# Blue Moon



## Coolfish (Apr 30, 2012)

Be sure to check out the blue moon tonight.


----------



## Guest (Sep 1, 2012)

Blue moon means that there are two full moons in the month. The moon does not actually turn blue. We had a full moon on August 2nd and now again August 31st, hence the term blue moon. Two full moons in any month is very rare and doesn't happen very often. I forgot how rarely they happen. But they do happen.


----------



## Coolfish (Apr 30, 2012)

I dd not say the moon was blue. I said be sure to check it out.


----------



## Cory1990 (Jun 14, 2012)

To bad it's covered up by the clouds here. I can kinda see how blue it is. Crazy right!

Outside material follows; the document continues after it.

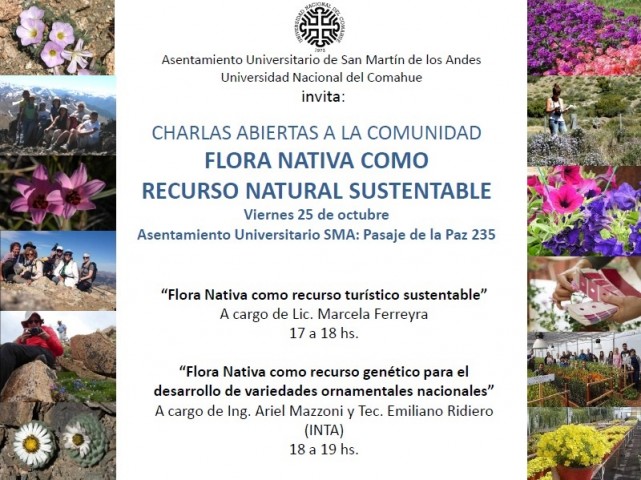 El Asentamiento Universitario SMandes (AUSMA) invita a profesionales, guías de turismo, guías de montaña, informantes, docentes y público interesado en la temática, a participar de la charla propuesta, donde disertara la Lic. Marcela Ferreyra ex profesora de botánica de la Universidad de Rio Negro y guía botánica, y de INTA Bariloche, el Tec. Emiliano Ridiero y el Ing. en recursos naturales renovables Ariel Mazzoni especialista en floricultura.
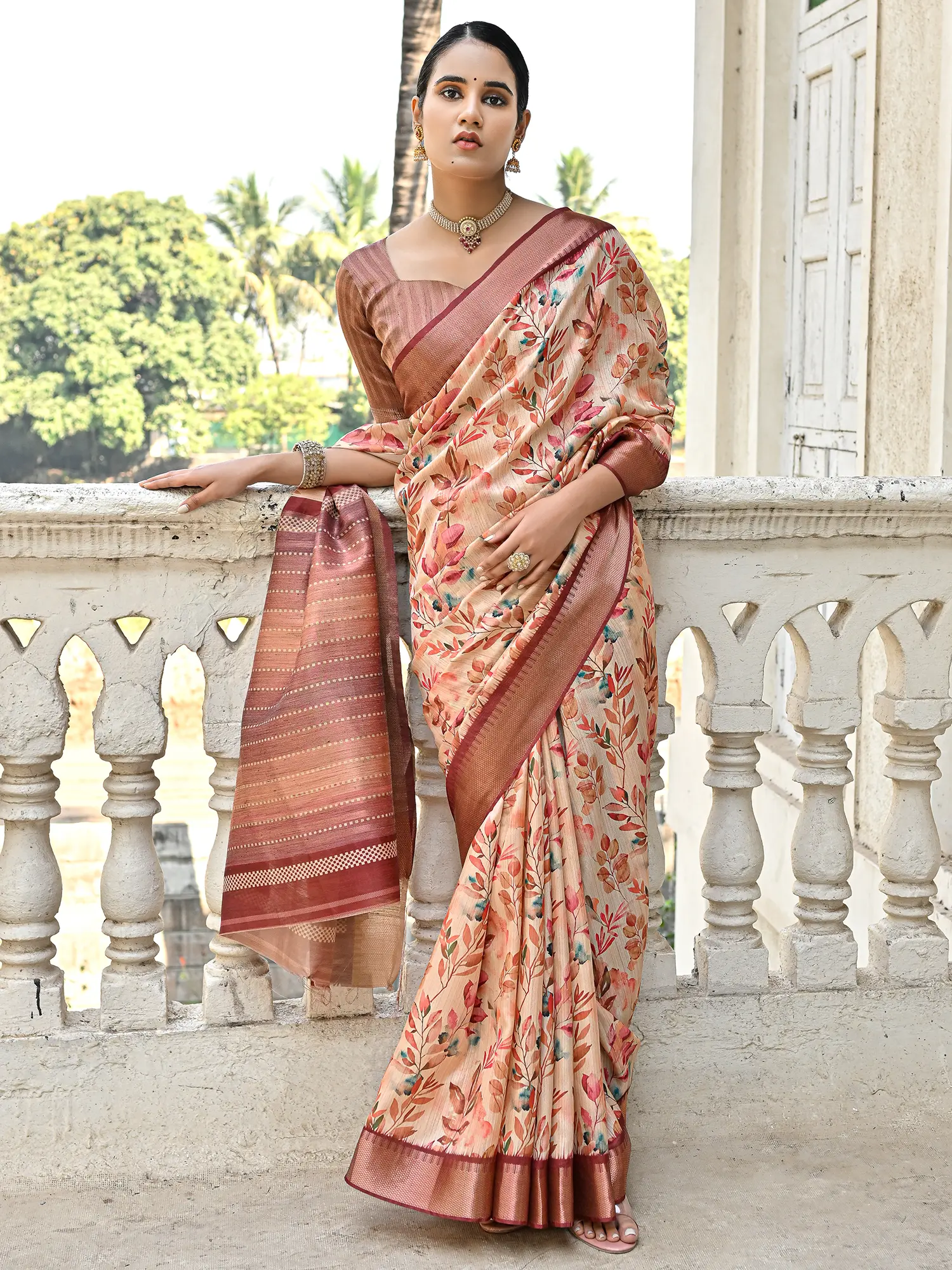 Art Silk Saree with Golden Stripes and Traditional Paisley Motifs All Over

(sarcasm) but seriously it's covered by clouds. It's kind of neat to see it 2 times in a month if your into that kinda thing. Personaly I could care less, but if I was 10 years old again having my grandpa tell me it's a blue moon I'd be up late with a telescope waiting for it to turn blue lol. The tricks old people play on kids. I'm sure I'll tell my kids that one to.


----------



## grogan (Jan 23, 2011)

Also, a very tasty adult beverage! Mmmm


----------



## funlad3 (Oct 9, 2010)

That's what I thought this thread was for originally; my dad loves Blue Moon.


----------



## emc7 (Jul 23, 2005)

lucky in nethack


----------



## Charlie1 (Dec 31, 2011)

Angelclown said:


> Blue moon means that there are two full moons in the month. The moon does not actually turn blue. We had a full moon on August 2nd and now again August 31st, hence the term blue moon. Two full moons in any month is very rare and doesn't happen very often. I forgot how rarely they happen. But they do happen.


Next one happens in 2015.


----------